* _The data_
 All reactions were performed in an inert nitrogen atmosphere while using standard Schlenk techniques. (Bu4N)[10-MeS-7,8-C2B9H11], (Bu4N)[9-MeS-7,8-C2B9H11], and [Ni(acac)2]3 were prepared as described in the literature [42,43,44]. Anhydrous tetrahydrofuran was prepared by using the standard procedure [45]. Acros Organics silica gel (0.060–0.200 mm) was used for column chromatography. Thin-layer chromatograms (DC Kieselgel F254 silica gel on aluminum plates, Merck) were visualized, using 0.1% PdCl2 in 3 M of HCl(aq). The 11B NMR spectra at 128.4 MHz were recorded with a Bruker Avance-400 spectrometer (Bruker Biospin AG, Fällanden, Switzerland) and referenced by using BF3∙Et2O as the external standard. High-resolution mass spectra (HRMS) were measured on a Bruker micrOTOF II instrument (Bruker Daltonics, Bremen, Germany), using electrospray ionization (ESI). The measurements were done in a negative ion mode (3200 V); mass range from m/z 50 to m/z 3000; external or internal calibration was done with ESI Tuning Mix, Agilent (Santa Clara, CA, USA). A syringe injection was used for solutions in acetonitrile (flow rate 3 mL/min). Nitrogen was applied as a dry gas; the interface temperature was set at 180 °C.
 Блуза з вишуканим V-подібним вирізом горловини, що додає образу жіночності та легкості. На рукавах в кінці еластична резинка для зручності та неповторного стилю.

==

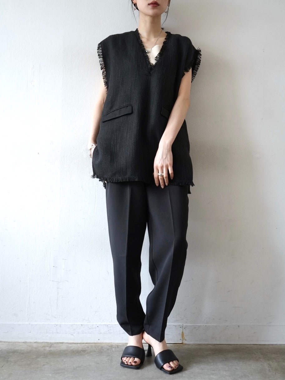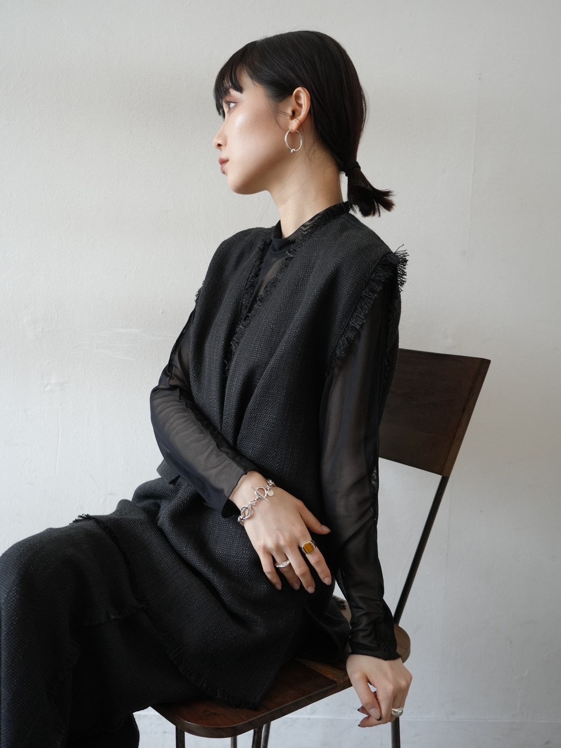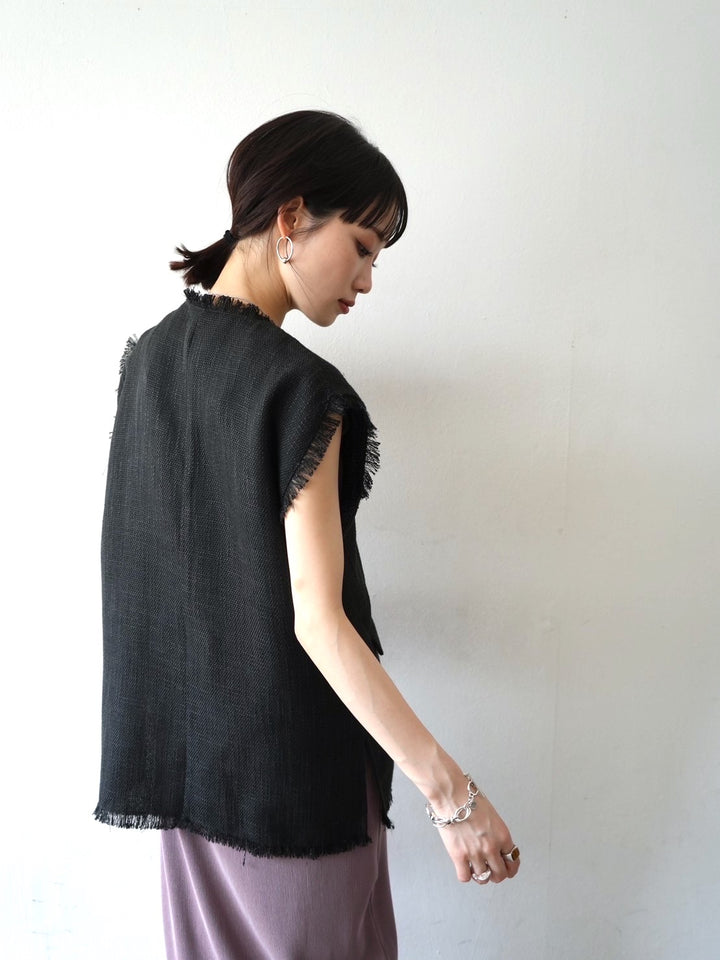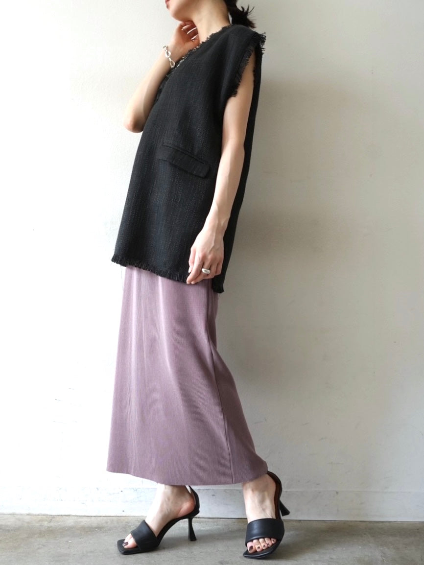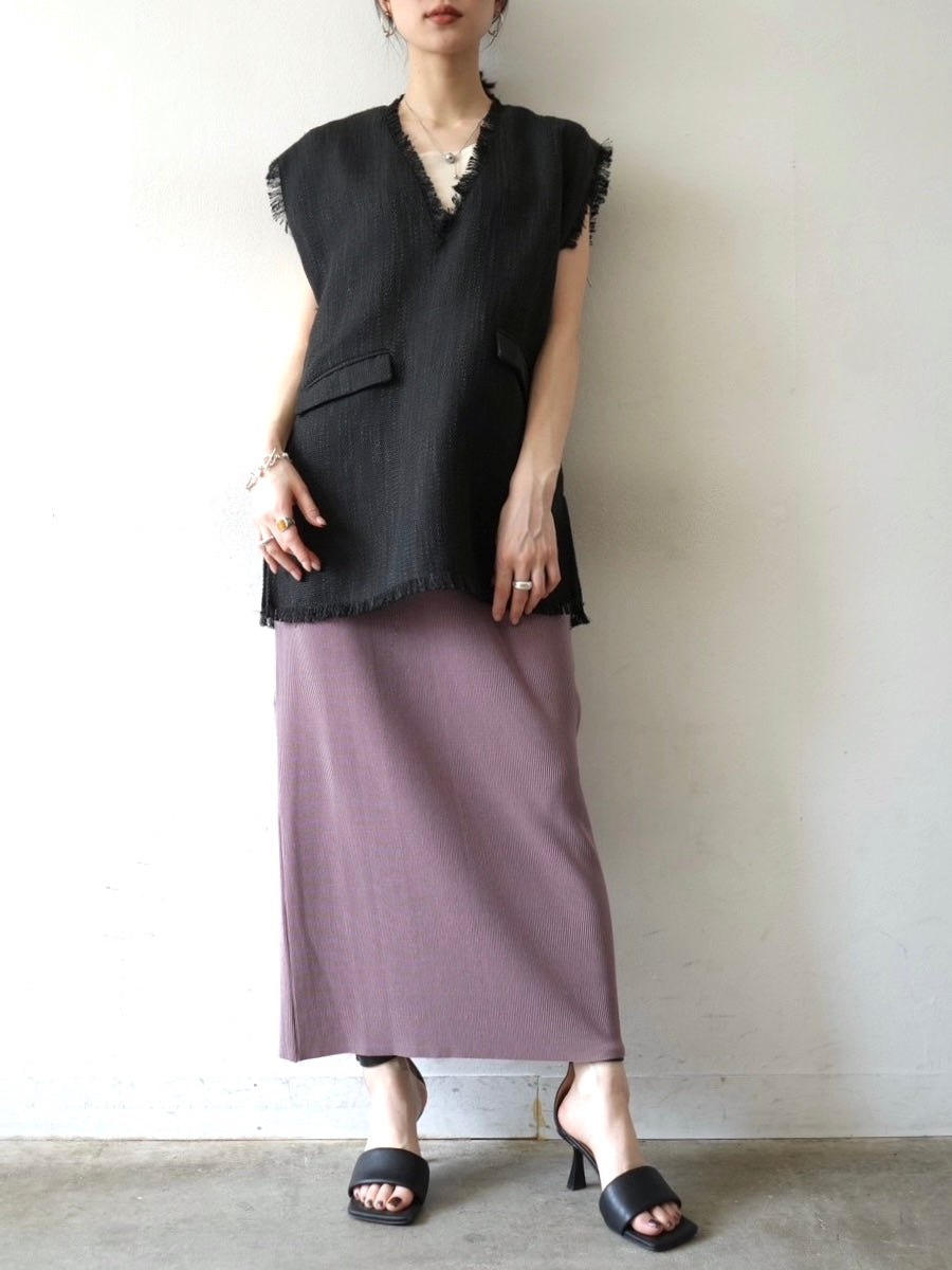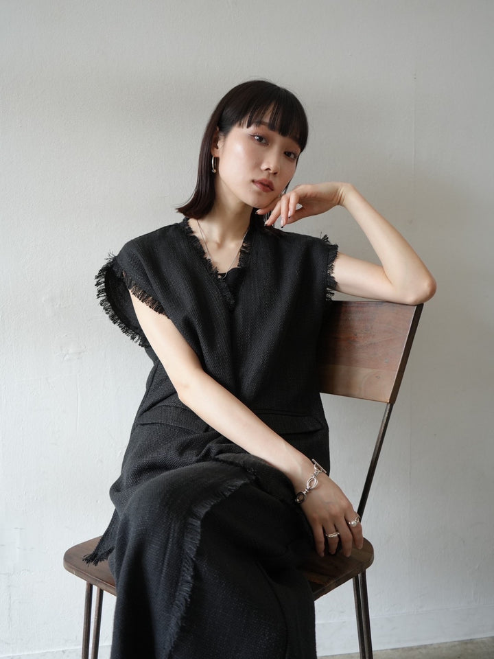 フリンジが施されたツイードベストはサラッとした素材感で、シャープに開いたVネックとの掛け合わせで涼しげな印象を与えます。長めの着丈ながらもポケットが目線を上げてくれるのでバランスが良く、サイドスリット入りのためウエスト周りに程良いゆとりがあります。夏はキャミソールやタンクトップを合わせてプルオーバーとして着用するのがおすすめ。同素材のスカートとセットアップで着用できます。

* _Exercise_
Every line above from the line with "All reactions were" to the line with "Блуза з вишуканим", both included, must be reproduced exactly, and no other line may appear.

* _Expected output_
 All reactions were performed in an inert nitrogen atmosphere while using standard Schlenk techniques. (Bu4N)[10-MeS-7,8-C2B9H11], (Bu4N)[9-MeS-7,8-C2B9H11], and [Ni(acac)2]3 were prepared as described in the literature [42,43,44]. Anhydrous tetrahydrofuran was prepared by using the standard procedure [45]. Acros Organics silica gel (0.060–0.200 mm) was used for column chromatography. Thin-layer chromatograms (DC Kieselgel F254 silica gel on aluminum plates, Merck) were visualized, using 0.1% PdCl2 in 3 M of HCl(aq). The 11B NMR spectra at 128.4 MHz were recorded with a Bruker Avance-400 spectrometer (Bruker Biospin AG, Fällanden, Switzerland) and referenced by using BF3∙Et2O as the external standard. High-resolution mass spectra (HRMS) were measured on a Bruker micrOTOF II instrument (Bruker Daltonics, Bremen, Germany), using electrospray ionization (ESI). The measurements were done in a negative ion mode (3200 V); mass range from m/z 50 to m/z 3000; external or internal calibration was done with ESI Tuning Mix, Agilent (Santa Clara, CA, USA). A syringe injection was used for solutions in acetonitrile (flow rate 3 mL/min). Nitrogen was applied as a dry gas; the interface temperature was set at 180 °C.
 Блуза з вишуканим V-подібним вирізом горловини, що додає образу жіночності та легкості. На рукавах в кінці еластична резинка для зручності та неповторного стилю.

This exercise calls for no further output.